"Deniz Baykal “Barış Pınarı harekâtı”nı destekliyor" diyen Ahmet Kekeç, CHP lideri Kemal Kılıçdaroğlu'nun ise görünüşte desteklediğini ama içinin kan ağladığını savundu. Star gazetesinde "Toprak bütünlüğüne saygı, öyle mi" başlıklı köşesinde Kekeç şu ifadeleri kullandı:
Deniz Baykal “Barış Pınarı harekâtı”nı destekliyor...
Kemal Kılıçdaroğlu da görünüşte destekliyor ama bir taraftan da içi kan ağlıyor...
Kendi sözüdür: “İçim kan ağlıyor.”
Ekrem Müdafa ise “barış” istiyor.
Kimle kim arasında barış?
Türkiye Cumhuriyeti devletiyle, bir çapulcular sürüsü olan PKK/YPG arasında barış mı?
Diyarbakır’a yaptığı ziyarette de buna benzer laflar etmişti. Barış filan diye atıp tutmuştu.

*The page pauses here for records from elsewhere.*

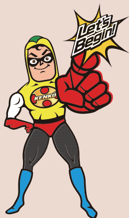
東京都健康づくり推進キャラクター 「ケンコウデスカマン」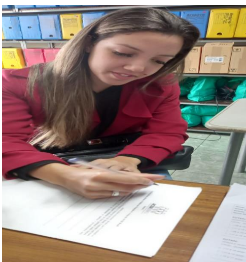
Estagiária do Administrativo

No final do mês realizei formação de adesão à política de proteção com a estagiária do administrativo que passará a fazer parte da equipe ACER.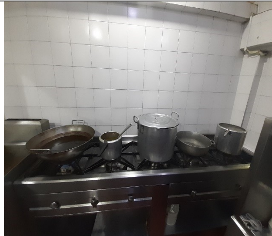
Foto No. 4 estufa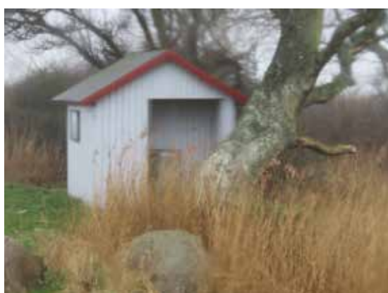
Toilet ved Kågårdsvej/Påøvej.

Fortsæt sydpå ad stranden eller Påøvej – flere bord-bænkesæt og fin badestrand – eller besøg Skovsgaard Gods.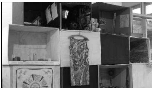
Mauerinstallation im Foyer

Die Klasse 10 gestaltete „Mauerstücke“ zu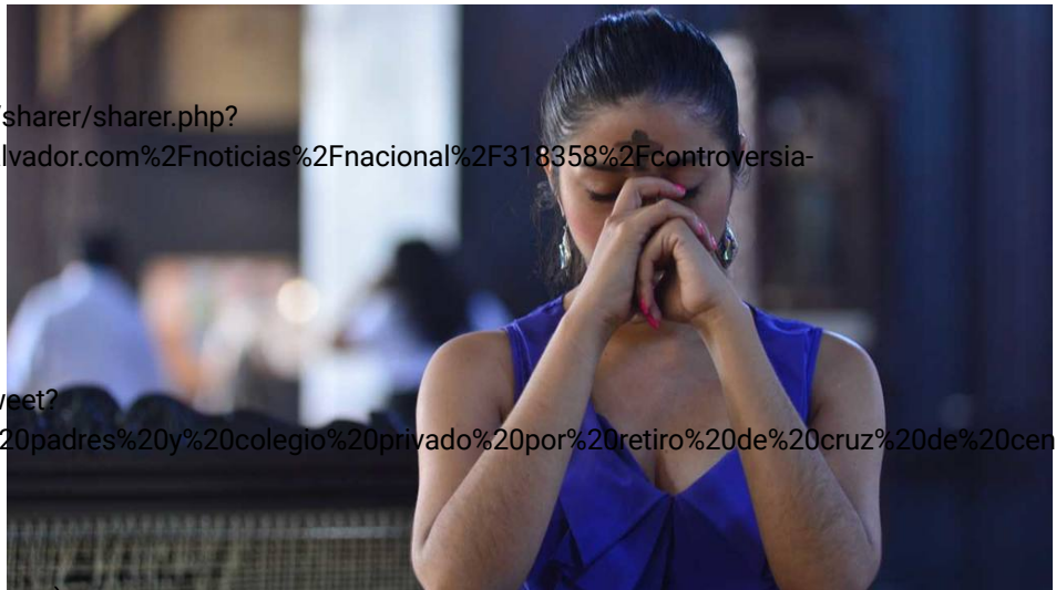
01/03/2017 Miércoles de Ceniza. Cobertura de homilía en Basílica Sagrada Ordenación Iglesia (La Transfiguración.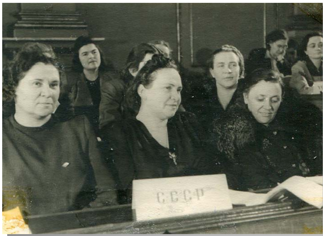
Делегація від СРСР на Конгресі МДФЖ

Антифашистські комітети жінок різних країн були складовою цією міжнародною організацією, яка збирала в свої ряди активні феміністські, пацифістські, антивоєнні жіночі організації світу.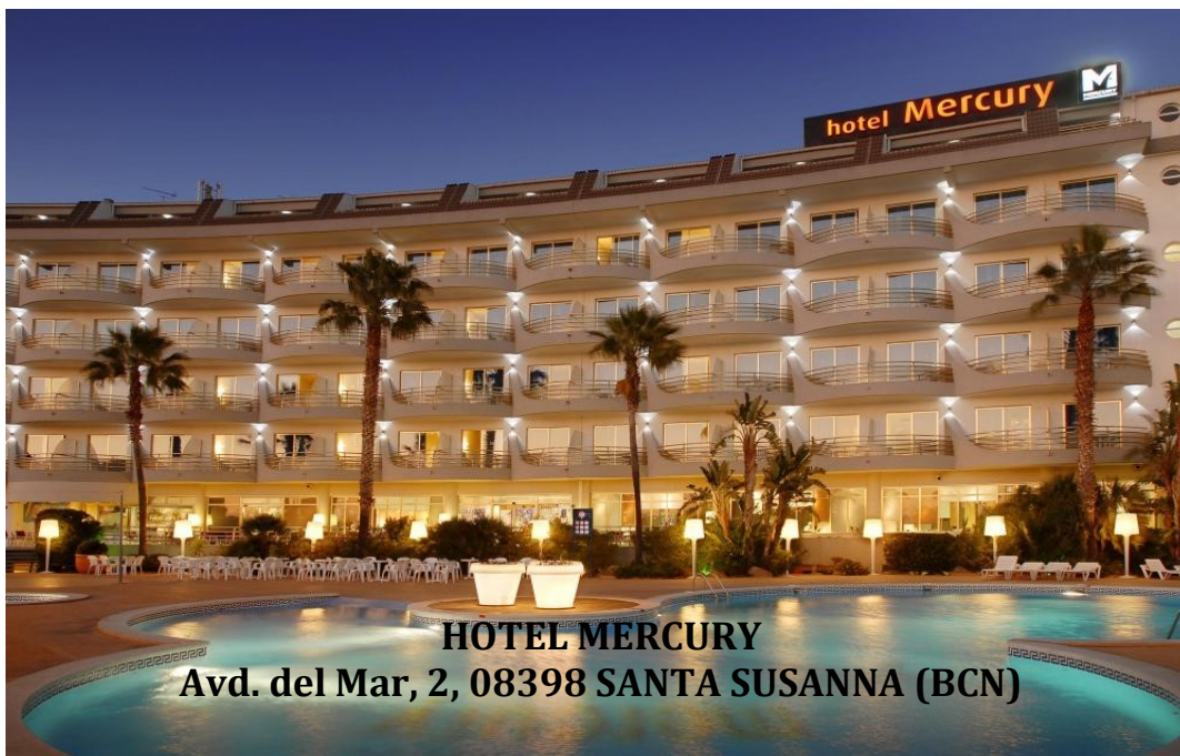
HOTEL MERCURY Avd. del Mar, 2, 08398 SANTA SUSANNA (BCN)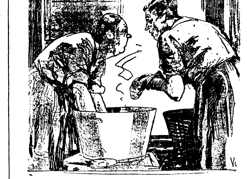
— ¿Y por qué tuvo que dejar su marido la colocación en la fábrica de cerveza? — El pobre se cayó tres veces al depósito. ("Aussie", Sydney.)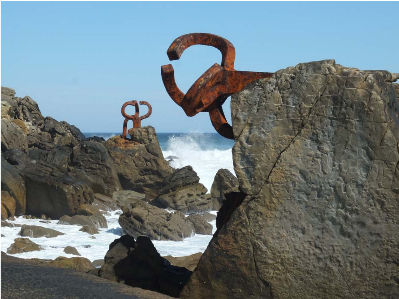
Peine del viento XV (Windkämme XV), 1975-77.

die Basken und ihr Land, das zwischen zwei Extremen liegt – dem Punkt, an dem die Pyrenäen enden und der Ozean beginnt». 2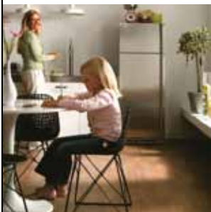
Eldhúsið hjarta heimilisins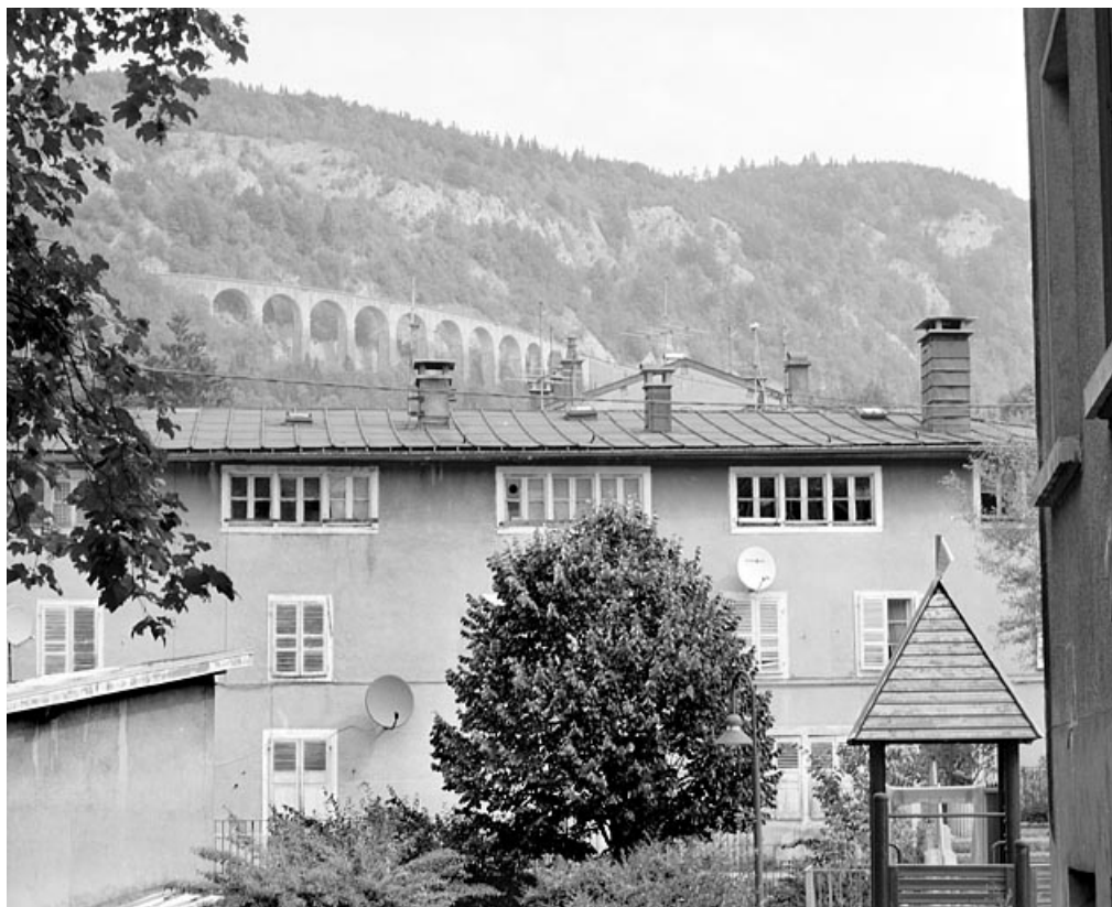
Façade principale : ensembles de baies lunetières.

Sonra da kayyım atanan belediyelerin belediye başkanlarını yanına alıp, poz poz fotoğraf çektirmişti.
Kendince şu mesajı vermişti:
Biz iktidar olursak, belediyeleri kafanıza göre yönetebilirsiniz. Bizim iktidarımızda kayyım-mayyım yok. Hatta isterseniz, çözüm süreci bile başlatabiliriz.
Peki, belediye başkanlarının verilen görev çerçevesinde kalmaları ve “hadlerini aşmamaları” gerektiğini söyleyen Kemal Kılıçdaroğlu bu duruma ne diyor?
Ekrem İmamoğlu, resmen ve alenen “Cumhurbaşkanı adayı” edalarıyla sağda solda dolaşıyor, ilginç yurt gezileri düzenliyor, misafirlerini “başkan” edasıyla ağırlıyor.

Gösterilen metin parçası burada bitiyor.